メルは懐から何かを投げるとシルヴィアが水弾で貫く。しかし直撃した箇所よりも後ろから閃光が放たれた。
(閃光玉⁉)
まさかの手段に驚くシルヴィア。だが彼女の実力は並大抵ではない。魔力を感じてそっちに向けて水弾を飛ばすがそこには誰もいない。
(なるほど。そういうことね)
シルヴィアはトリアイナを出して周囲に風の刃を放出。それに巻き込まれたメルは吹き飛ばされた。
「くっ……」
「姿を消せるなんて珍しいけど、気配を辿ればどうという事は無いわ」
「魔法使いの割にやれるじゃない」
「ならば魔法使いのイメージを変えると良い。むしろ、後ろで援護しかしない魔法使いなどゴミ。魔法使いはたった1人で戦況を変えてこその職よ。本来パーティ単位で運用するならば軍で十分」
風の刃を飛ばしてメルを牽制。同時にその後ろから蛇を思わせる程の風を作りメルに襲わせた。メルはギリギリで回避しようとするが周囲に展開されている風力に引っ張られて巻き込まれて壁に叩きつけられる。
「……くっ……悔しいけど、降参」
動けないメル。同時に盛り上がっている胸を見て勝負に勝ったはずのシルヴィアはメルを睨んだ。
「試験お疲れ様でした」
受付嬢にそう言われて、戻ってきたベイルと共にメルは冒険者として登録されているパーソナルカードを受け取る。
「ではお話の通り、ベイル様はCランク、メル様はEランクからのスタートになります。頑張ってランクを上げれば様々な特典をゲットできますよ!」
「特典って?」
「そうですね。男性の場合は娼館の利用料クーポン券などがあります」
「大丈夫です。ベイル君の処理は私がするので」
ときっぱりと言ったメル。ベイルはそれに驚いているが否定はしないがここで言う事かというのと、何より後ろから感じるプレッシャーがあった。そう、カリンとシルヴィアだった。
「……やっぱり胸なの? 胸なの……?」
「巨乳、滅ぶべし」
カリンとシルヴィアが忌々し気にしているが、むしろ視線を向けられているメルは勝者として微笑みを見せている。

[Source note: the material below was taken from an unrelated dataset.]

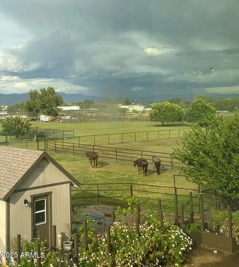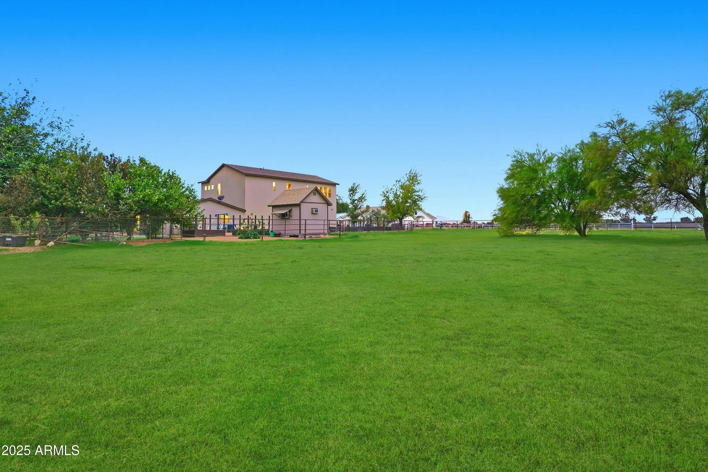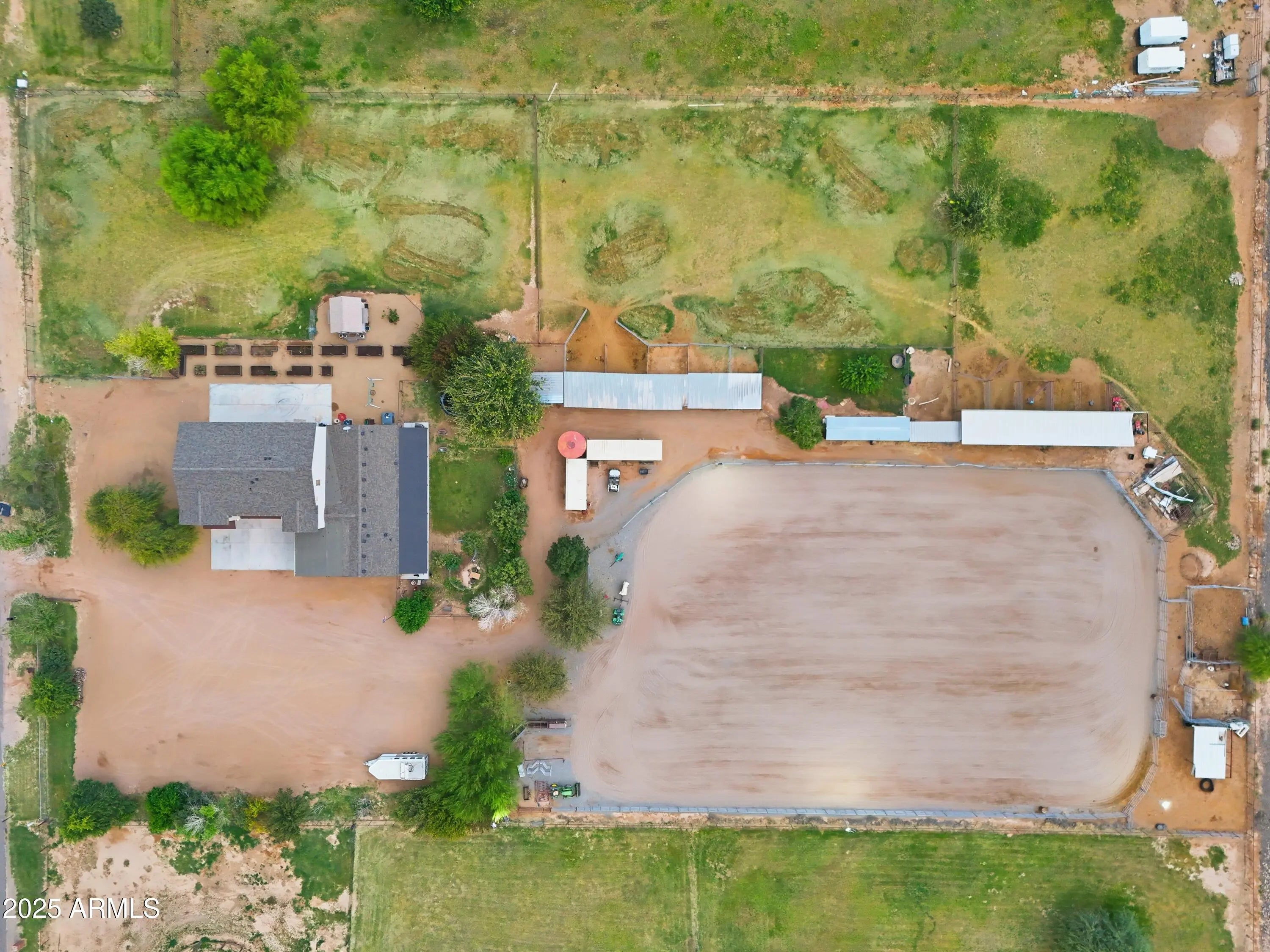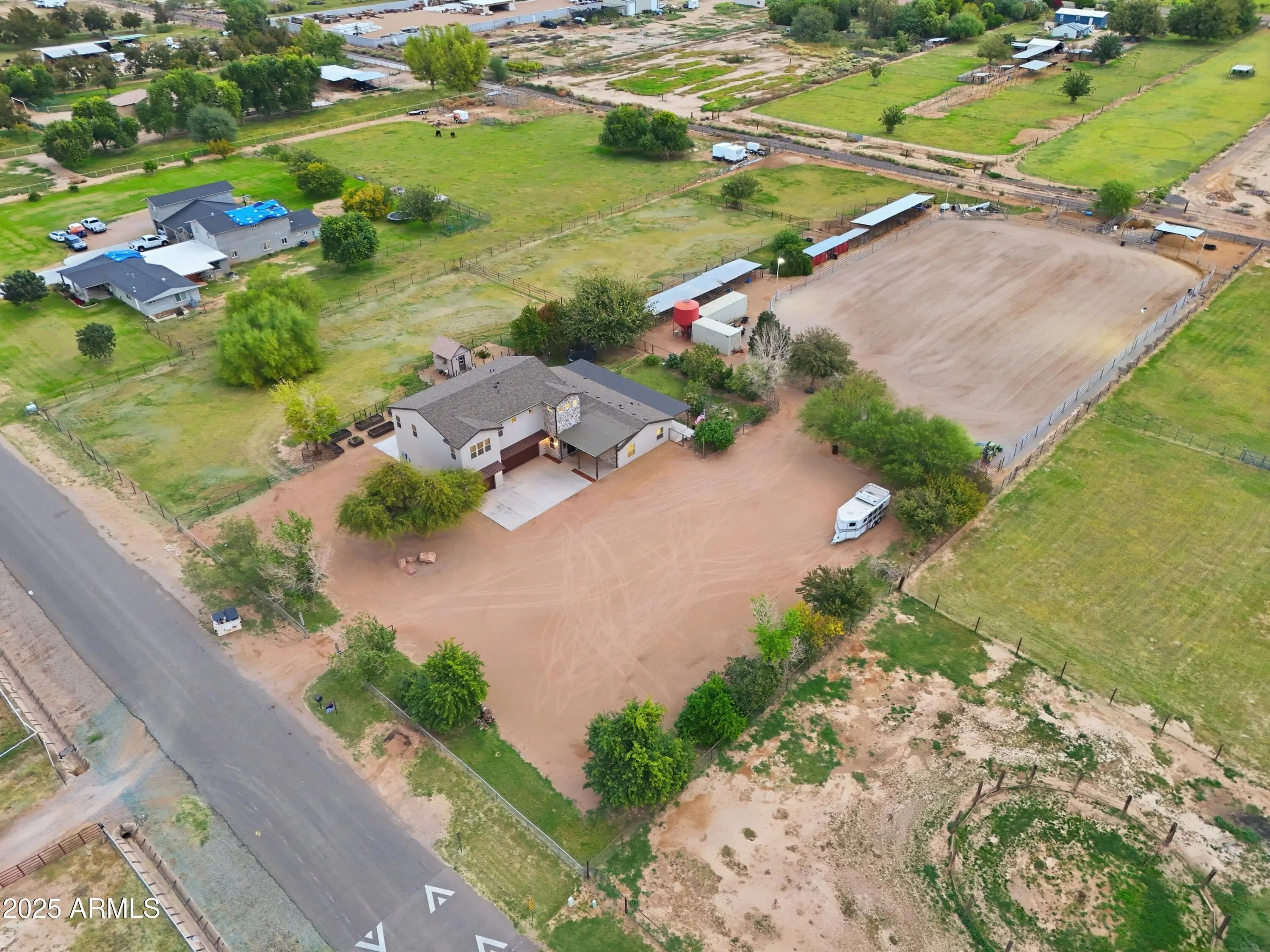 The perfect blend of fine living and true country charm on this exceptional 3.33-acre horse property. Thoughtfully designed and impeccably maintained, this property offers over an acre of flood-irrigated, cross-fenced pastures—ideal for horses or livestock—plus a beautifully updated 5-bedroom home with two full master suites and four well-appointed baths. Step inside to a gorgeous recently remodeled kitchen featuring a 36'' gas range with convection oven, oversized sink, modern finishes, and plenty of workspace. The split floor plan provides privacy and multigenerational living options, while the relaxing primary suite includes dual sinks and two spacious custom his-and-hers closets. The home also features a safe/gun room, two laundry rooms, and an oversized 1,280 sq. ft. three car garage with a full chip epoxy floor and built-in cabinets. The property includes 10 stalls with direct pasture access, a 150' × 250' LED-lit roping arena, separate tack and feed sheds, automatic waterers, a 15-ton steel feed silo, wash rack, cattle and livestock pens, and even a 320sf chicken coop with fenced run. The garden area features a charming finished she-shed/artist studio, and extensive irrigated raised garden bedsperfect for gardening enthusiasts. Mature fruit trees are planted throughout the property. An RV pad with full hookups adds convenience to the avid traveler, or guests. Enjoy the peaceful rural setting that is still just minutes from schools, shopping, and dining.
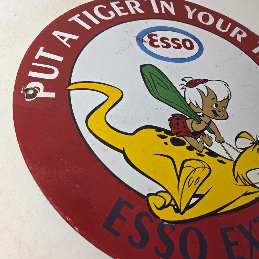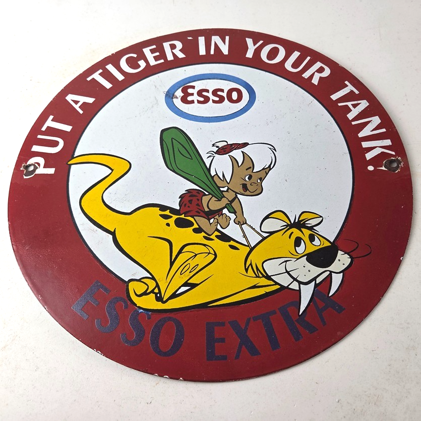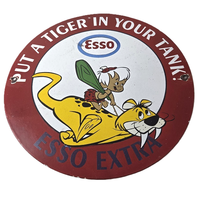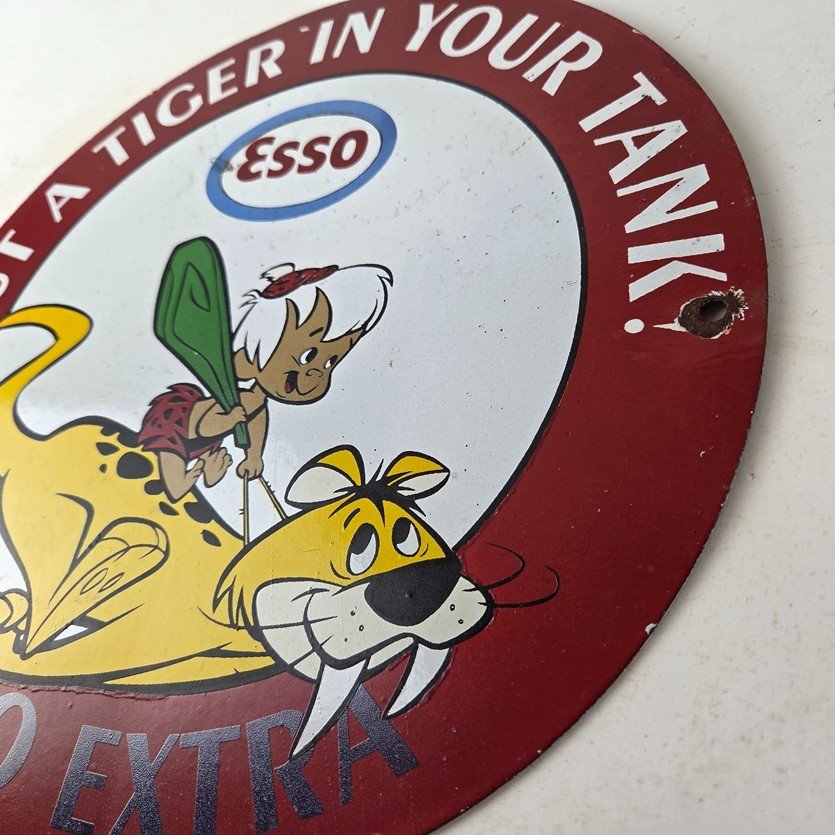 Vintage Esso Gasoline Sign – Tiger Tank Gas Service Station Porcelain Sign

「あ、いえ、大体の男性冒険者が利用するから、というので紹介させてもらっているだけです……」
受付嬢もまさかそこまでキッパリと言われるとは思っていなかったのか少しビクビクしていた。
「それと冒険者様には専用の寮が用意されています」
「……専用の寮?」
「はい。3年前の襲撃の際に王都のほとんどの施設が崩壊した事で建設された施設です。ギルドに併設されておりまして、鍛冶屋や道具屋などの購買部はもちろん、食堂での質も上がっているんです。貴族たちには下に見られているとはいえ冒険者は社会に無くてはならない人材が豊富ですからね!」
「そうなのか?」
「特にダンジョンの中はジーマノイドは入れないのは大概ですし、いくら戦力的に優れているとはいえ大きすぎればむしろ邪魔です。全く。ダンジョンだからこそ保全価値があるというのは国の方針として定まっているというのにむやみやたらに狩るとか、頭がおかしいんですよ、あの人たちは」
よほど嫌な思いをしていたようで、後半は受付嬢から黒いオーラを放っていた。だが本来、それは貴族に対する侮辱行為。一応貴族であるカリンとシルヴィアはあまり良い気はしない。
「何かあったのか?」
「あ、いえ……昔、王都近くに現れたダンジョンで少しありまして……ごめんなさい」
「いや、俺としてもそれに関しては気になる話だ。まさか貴族共が自分たちの場としてダンジョン攻略にジーマノイドでも持ってきたのか?」
「ええ」
「基本的に狭い道に大きい兵器を持ってくるなんて論外だろ。大体、ジーマノイドパイロットたるもの普通は生身での戦闘能力だって鍛えておかないといけないだろうに……あ、そうだ」
ベイルは何かに気付いて受付嬢に尋ねる。
「ところでここって魔物の素材を買い取ってもらったりってできないのか?」
「魔物の買い取りですか? 任務外の買い取りはあちらの解体所で行っています」
と受付嬢は手で示す。それを見てベイルはお礼を言ってそっちに向かう。
「すみませーん。魔物の買い取りと解体をお願いしたいんですが」
「はいよー」
ベイルが声をかけると奥から野太い男の声が聞こえた。実際に現れた男もガタイが良い感じで手には解体用の包丁を持っている。
「お、お前は期待の新人じゃねえか」
「ここに来るまでに確保した魔物の解体をお願いしたくてな」
「そうか。だが魔物の肉だって鮮度が必要だ。鮮度次第では価値は下がるぞ」
「それに関しては問題無い」
ベイルは何もない場所に両腕を突っ込んで倒した魔物の死骸を出していく。その量はかなりあってすぐに引き渡し用の台が一杯になった。
「………………えっと、ボウズ? これは?」
「魔物の死骸だ。ちなみに鮮度は当時の状態になっている。とにかく路銀が欲しいのですべて買い取りで」
「ちょっと待て! 今何をしようとした⁈」
「まだあるから全部出そうと……あ、でもあと台が5個は欲しいな」
その言葉に男は目を丸くする。
「ちょっと待て。それって所謂空間庫だよな? まだあるのか?」
「もちろん」
「わかった。中に入れ。一応環境保全のための魔法が飛ぶからもしバリア張っているなら解除しておけ」
ベイルはそのまま言われて中に入る。そんな光景を見ていたメルの両腕は手錠で拘束された。
「へ?」
「あなたには色々と聞きたい事があるの。当然、付いて来てくれるわよね?」
カリンが笑顔でそう言うが、その眼は一切笑っていなかった。